I spoke with Chris's wife this afternoon, and she explained why the "One Piece" knifes were going to no longer be made. First, his supplier of the A2 blanks back in South Africa is retiring, and another source is not available. Second, Chris has been making these a LONG time, and he is ready to devote time to other projects.

Third, they are out of Shadow IV's, and expect to be able to make some around October, when the possibly last shipment of A2 blanks will arrive.

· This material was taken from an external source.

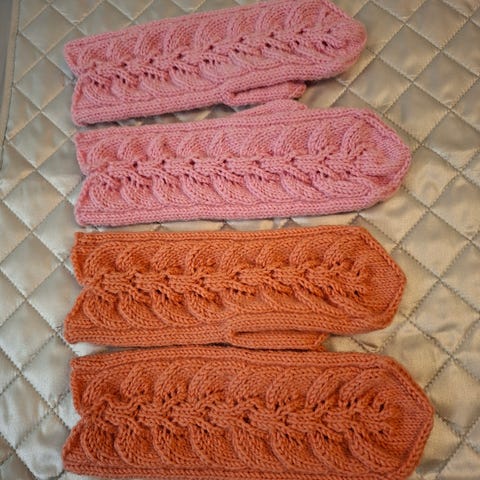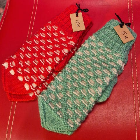 Myydään kauniit, käsinneulotut lapaset upeassa turkoosin ja valkoisen sävyssä.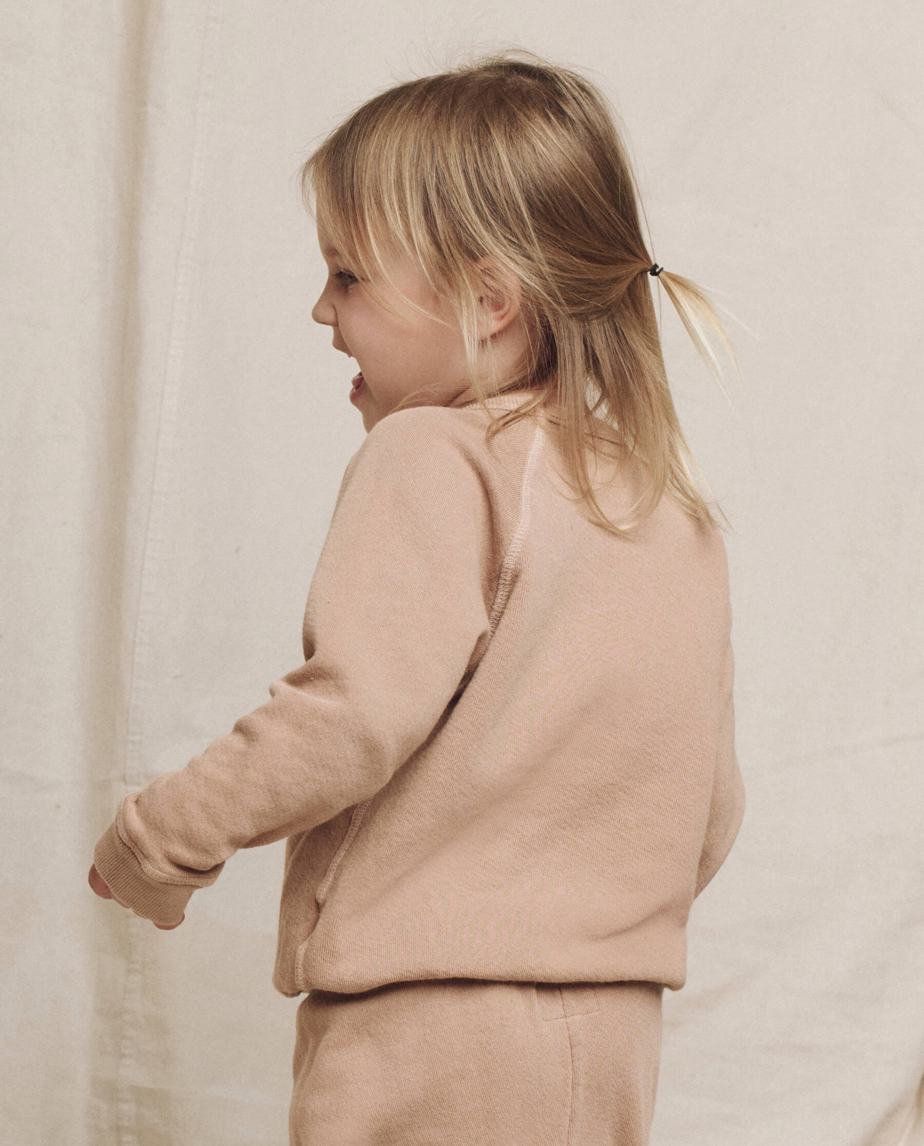 A little version of our beloved College Sweatshirt. Based on our favorite vintage sweatshirt body, this wardrobe staple features a lived-in vintage wash and signature slit on the left cuff. Made from a double washed terry, this relaxed sweatshirt also has the softest hand! Our knits are crafted in Los Angeles, ensuring authenticity, beauty and uniqueness in that no two pieces are alike.

Fourth, fortunately OsoGrandeKnives had a Shadow IV in stock, and mine will ship in the morning.
Fifth, OSG has free shipping over $150, so getting the knife from them is actually cheaper than if CR had it in stock.

Paladin


----------



## ErickThakrar (Apr 20, 2009)

Outdoors Fanatic said:


> The ones which didn't fail miserably on Knife Tests.com.



Oh yeah. That guy. The wanna-be Cliff Stamp and just as pointless as the original that he's emulating.


----------



## mossyoak (Apr 21, 2009)

Outdoors Fanatic said:


> The ones which didn't fail miserably on Knife Tests.com.

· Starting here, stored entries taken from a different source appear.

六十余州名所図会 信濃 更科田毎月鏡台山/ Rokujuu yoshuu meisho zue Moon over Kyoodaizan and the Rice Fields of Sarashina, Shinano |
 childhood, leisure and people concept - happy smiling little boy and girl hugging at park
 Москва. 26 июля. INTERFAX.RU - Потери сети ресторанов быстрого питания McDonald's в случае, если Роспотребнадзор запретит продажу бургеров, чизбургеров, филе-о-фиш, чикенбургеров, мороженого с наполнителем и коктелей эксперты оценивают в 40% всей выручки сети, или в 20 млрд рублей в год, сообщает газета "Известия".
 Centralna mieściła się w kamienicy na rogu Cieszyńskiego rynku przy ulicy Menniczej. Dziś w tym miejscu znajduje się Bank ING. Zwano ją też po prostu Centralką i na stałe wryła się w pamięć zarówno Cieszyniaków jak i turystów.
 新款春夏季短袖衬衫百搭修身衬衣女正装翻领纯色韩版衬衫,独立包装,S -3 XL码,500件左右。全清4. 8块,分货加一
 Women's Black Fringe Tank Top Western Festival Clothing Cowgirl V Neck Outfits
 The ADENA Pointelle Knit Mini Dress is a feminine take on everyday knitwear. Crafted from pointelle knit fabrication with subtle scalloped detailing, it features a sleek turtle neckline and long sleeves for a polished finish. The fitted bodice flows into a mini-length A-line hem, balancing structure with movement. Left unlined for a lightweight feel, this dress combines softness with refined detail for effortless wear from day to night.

you dont know poop about knives do you?


----------



## mossyoak (Apr 21, 2009)

the CR im smitten over is the pacific, im just waiting and waiting and waiting for my d2 rat-3 to get lost so ill order one and have a kydex made for the thing.


----------



## hurricane (Apr 22, 2009)

mossyoak said:


> the CR im smitten over is the pacific, im just waiting and waiting and waiting for my d2 rat-3 to get lost so ill order one and have a kydex made for the thing.

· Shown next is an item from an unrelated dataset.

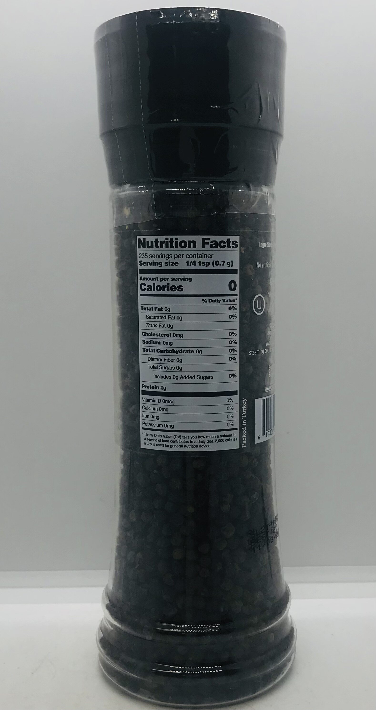 Whole black pepper.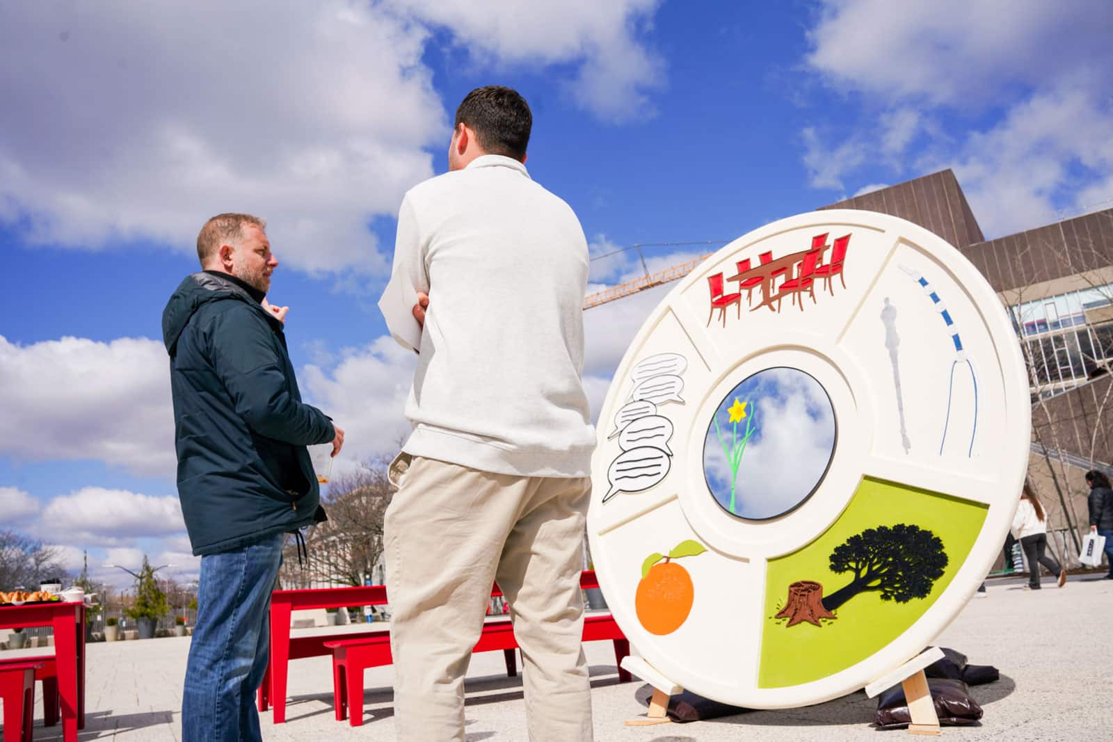 Following the previous night’s celebration, the community gathered in the Science Center Plaza on March 24 for an intimate “Meet the Artist” morning.

I hear you, I *LOVE* that knife. It's perfect in every way.


----------



## Per Arne (Apr 29, 2009)

I am now a lucky camper with Chris Reeve's model Mountaineer II :twothumbs 

I have started to put some things into the handle while I wait on TAD Gears new Brass Flint Sparker... The SAS compass didn't fit so well in the handle as I'd hoped for, but luckely I had another small compass that would fit. I was also able to squeeze two Spark-Lite tinders in there as well.

PA


----------